Dataset items:
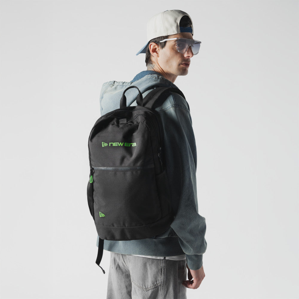 Esta Mochila New Era presenta un diseño en color negro con detalles en color verde con el logo y flag de New Era. Presenta un diseño funcional y estilo urbano, ideal para llevar todo lo esencial con comodidad y actitud. Cómprala ya.
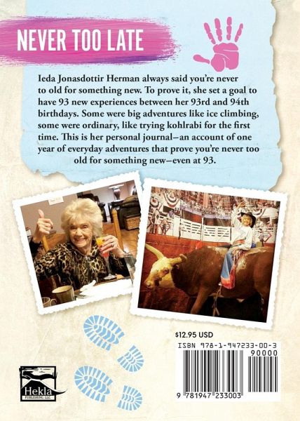 An inspirational true story of a year-long mission for ninety-three new experiences a nonagenarian undertook to show it's never too late for something new. Between her 93rd and 94th birthdays, Ieda Jonasdottir Herman committed to finding ninety-three things she had never done before as part of her ongoing effort to motivate others to live life with vitality. The result was a year of ordinary adventures that prove you're never too old for something new - even at 93.
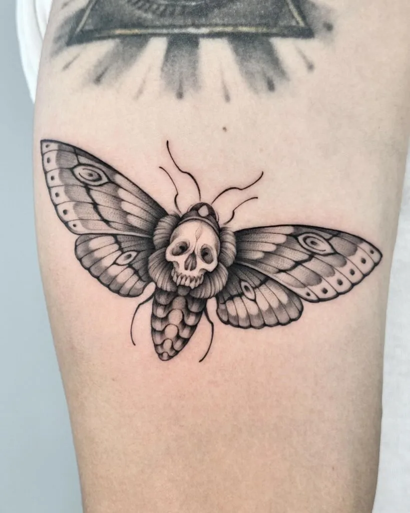 This tattoo features a beautifully rendered death’s-head moth, its iconic skull-shaped marking on the thorax prominently depicted in detailed linework and shading. The wings are intricately patterned, resembling natural textures while maintaining a stylized elegance.
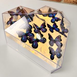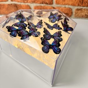 Prizma Kalp Kutulu Ledli Mavi Kelebek Set,romantik bir hediye seçeneği olarak öne çıkar. Bu özel ürün, 18 adet ledli kelebekten oluşan bir tasarıma sahiptir ve kutu üzerindeki prizma deseniyle göz alıcı bir görünüm sunar. Ürün boyutları 35×35 cm’dir, bu da onu dikkat çekici bir dekorasyon parçası haline getirir.
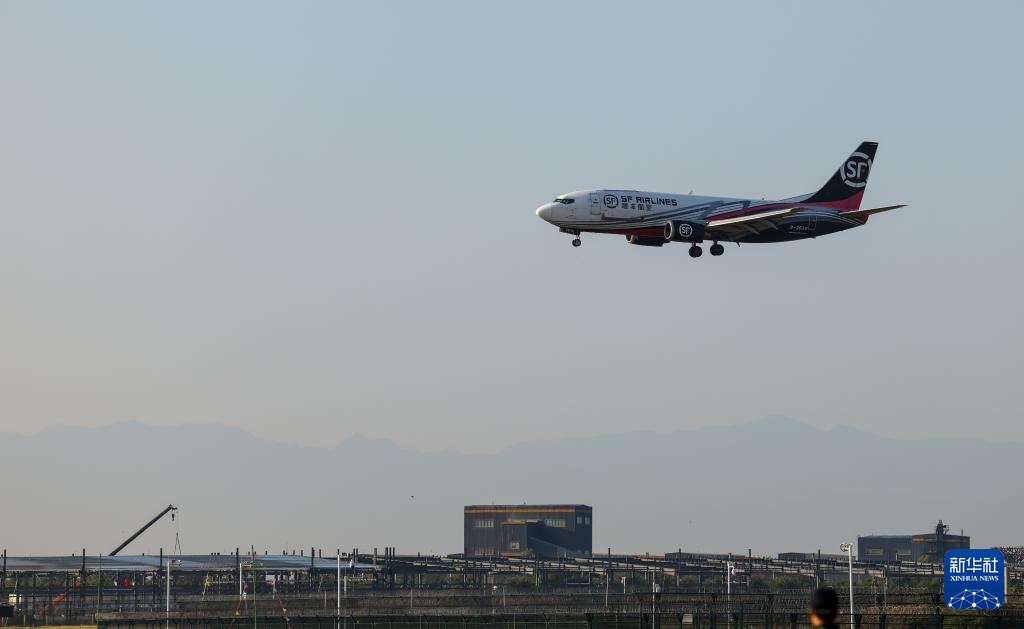 6月29日清晨,从广州起飞搭载着荔枝快件的航班准备降落西安咸阳国际机场。新华社记者 毛思倩 摄
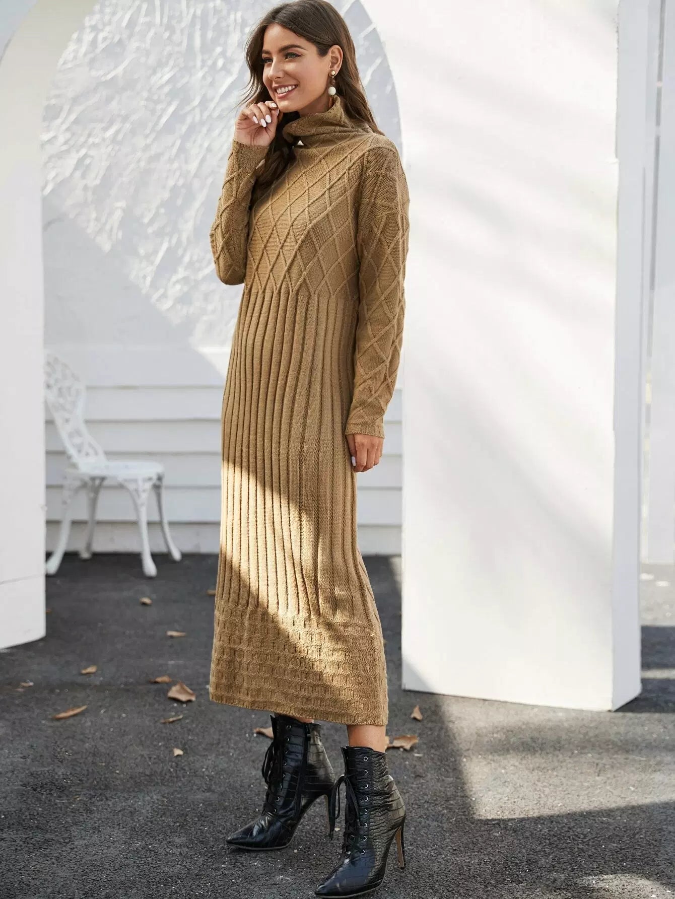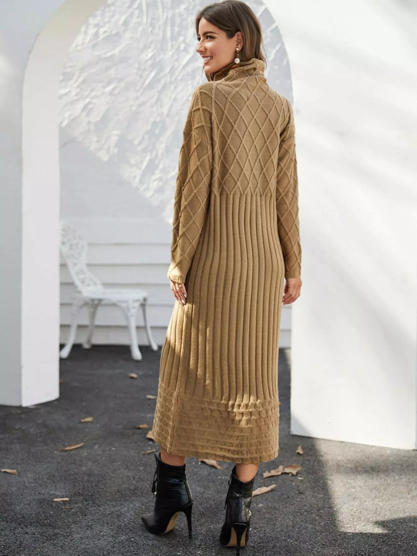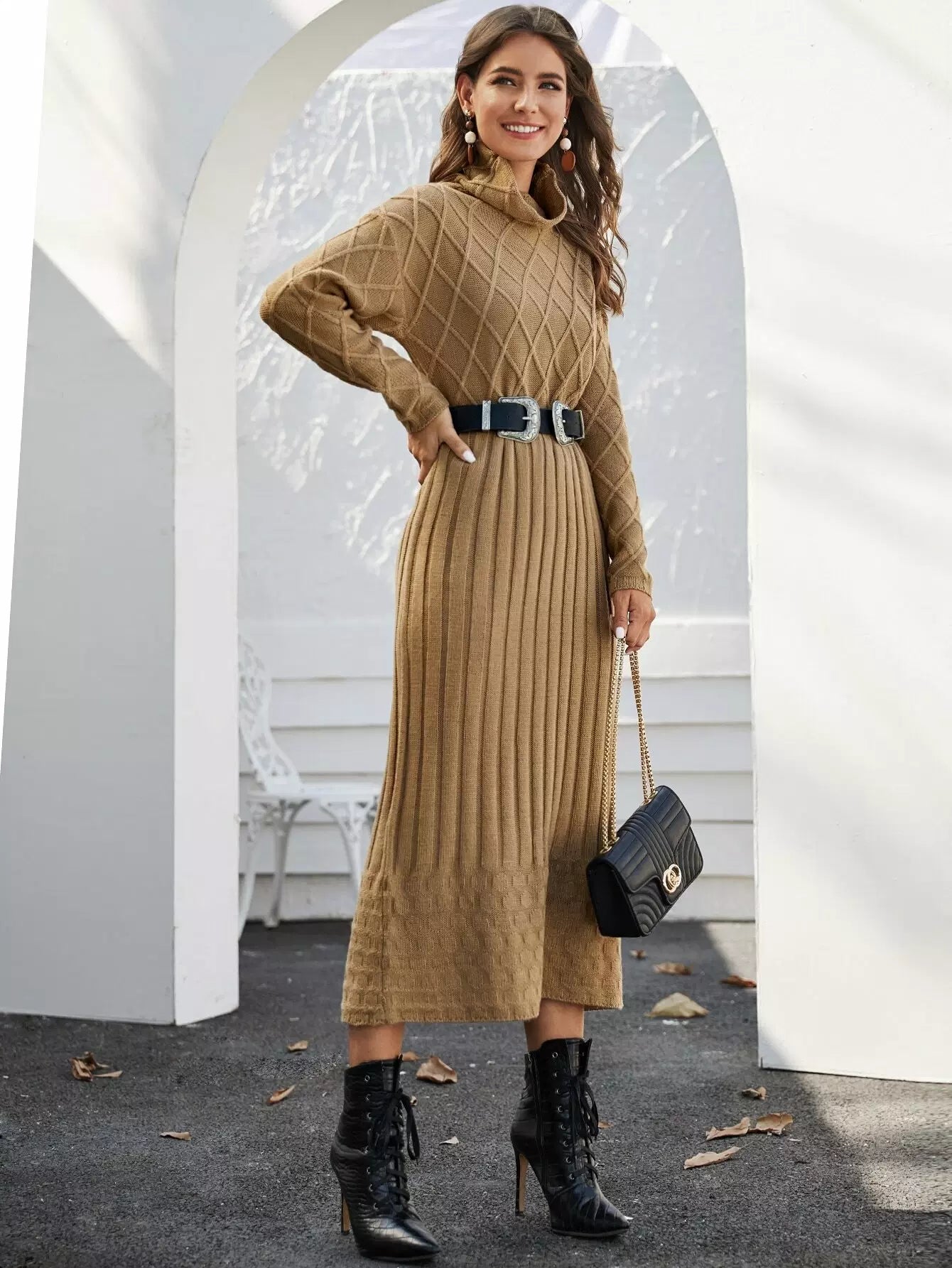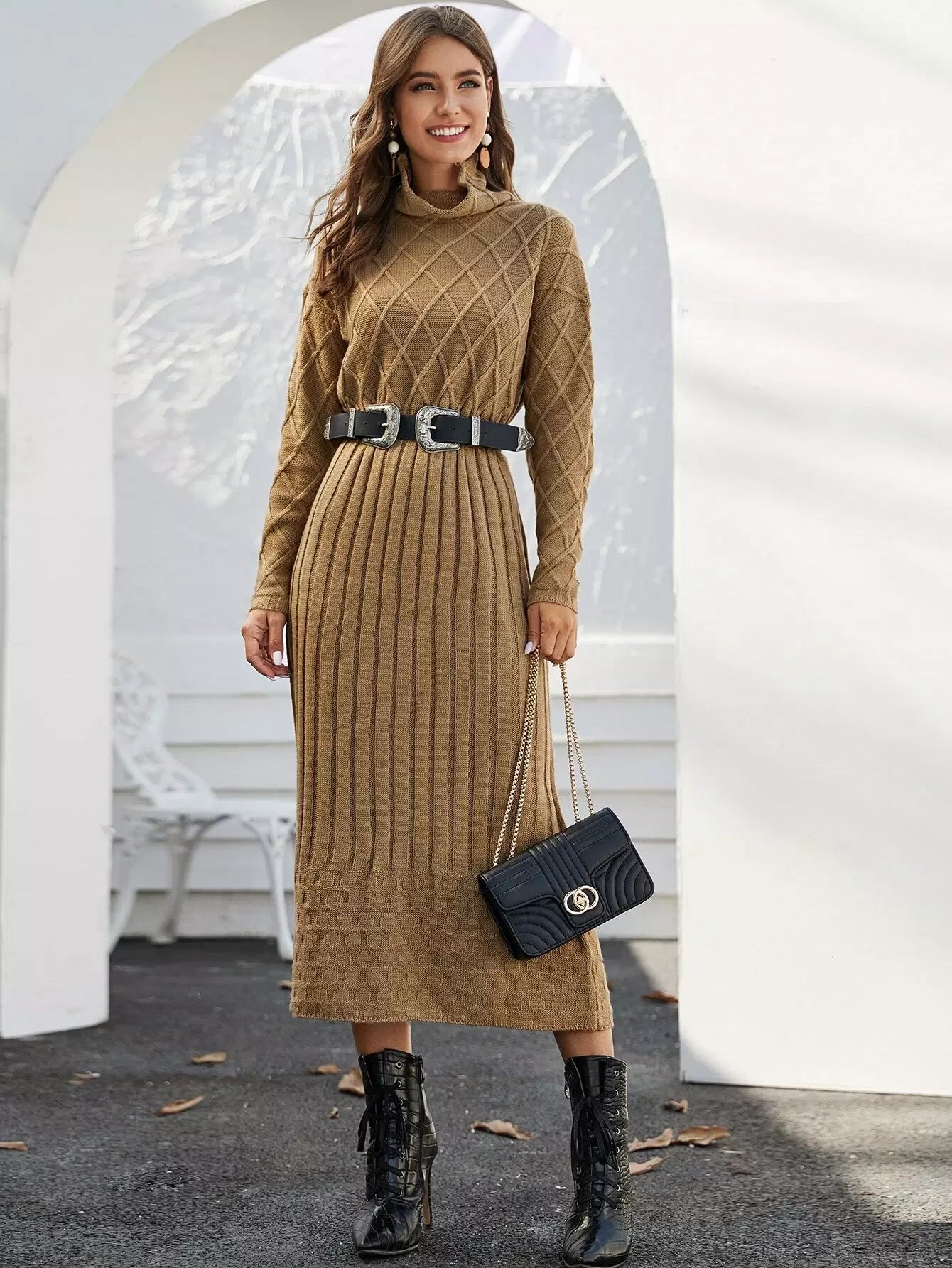 Funnel Neck Geo Knit Sweater Dress Without Belt

> _WHAT IS EXPECTED_: Please return exactly, and only, the lines from the one containing "Prizma Kalp Kutulu" through the end of the records, with both end lines kept and every picture dropped.

> _ANSWER SPACE_:
 Prizma Kalp Kutulu Ledli Mavi Kelebek Set,romantik bir hediye seçeneği olarak öne çıkar. Bu özel ürün, 18 adet ledli kelebekten oluşan bir tasarıma sahiptir ve kutu üzerindeki prizma deseniyle göz alıcı bir görünüm sunar. Ürün boyutları 35×35 cm’dir, bu da onu dikkat çekici bir dekorasyon parçası haline getirir.
 6月29日清晨,从广州起飞搭载着荔枝快件的航班准备降落西安咸阳国际机场。新华社记者 毛思倩 摄
 Funnel Neck Geo Knit Sweater Dress Without Belt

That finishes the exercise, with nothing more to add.